**Activity:** Exactly the lines below from the line with "Cow Brass Statue" through the line with "图 2 6种磺胺的高效液相色谱图" must make up the answer, both ends included and pictures left out.

**The data:**
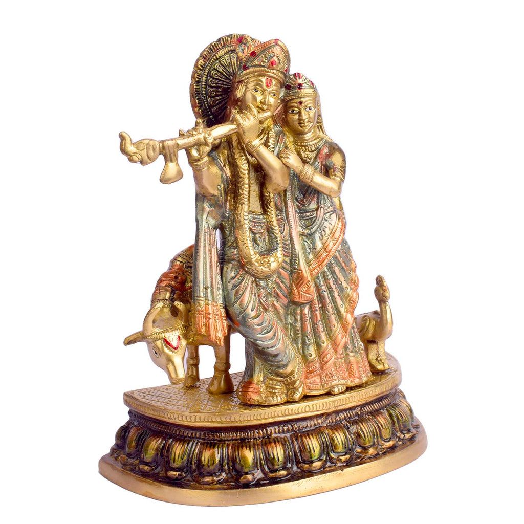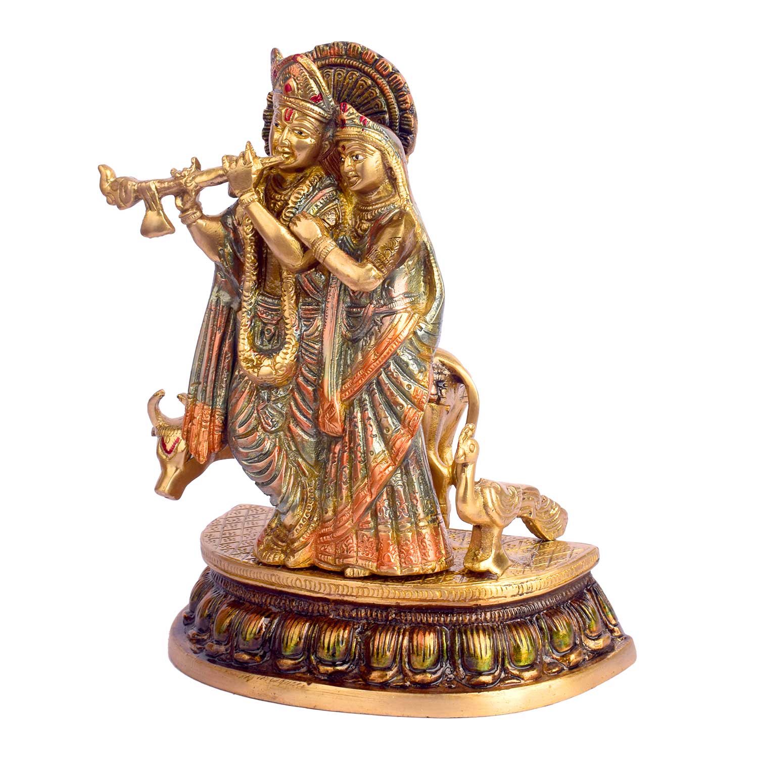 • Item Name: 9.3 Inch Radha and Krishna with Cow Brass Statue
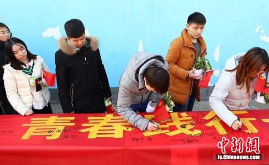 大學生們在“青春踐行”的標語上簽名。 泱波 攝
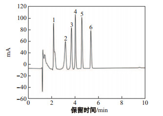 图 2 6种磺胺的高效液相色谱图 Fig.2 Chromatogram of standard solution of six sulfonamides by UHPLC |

...

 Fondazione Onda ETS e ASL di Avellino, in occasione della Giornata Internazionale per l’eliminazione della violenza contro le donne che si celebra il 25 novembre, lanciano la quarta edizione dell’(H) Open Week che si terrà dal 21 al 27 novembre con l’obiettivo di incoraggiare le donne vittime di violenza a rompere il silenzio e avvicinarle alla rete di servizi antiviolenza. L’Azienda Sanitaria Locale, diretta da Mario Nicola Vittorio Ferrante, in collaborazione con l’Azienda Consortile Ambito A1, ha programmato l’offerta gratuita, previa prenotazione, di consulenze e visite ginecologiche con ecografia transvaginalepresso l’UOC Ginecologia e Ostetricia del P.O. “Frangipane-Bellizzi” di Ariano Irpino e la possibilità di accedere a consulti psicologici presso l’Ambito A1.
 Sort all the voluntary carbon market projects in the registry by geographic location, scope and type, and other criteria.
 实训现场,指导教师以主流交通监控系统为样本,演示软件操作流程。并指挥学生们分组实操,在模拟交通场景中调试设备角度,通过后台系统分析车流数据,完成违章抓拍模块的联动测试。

**Worked solution:**
 • Item Name: 9.3 Inch Radha and Krishna with Cow Brass Statue
 大學生們在“青春踐行”的標語上簽名。 泱波 攝
 图 2 6种磺胺的高效液相色谱图 Fig.2 Chromatogram of standard solution of six sulfonamides by UHPLC |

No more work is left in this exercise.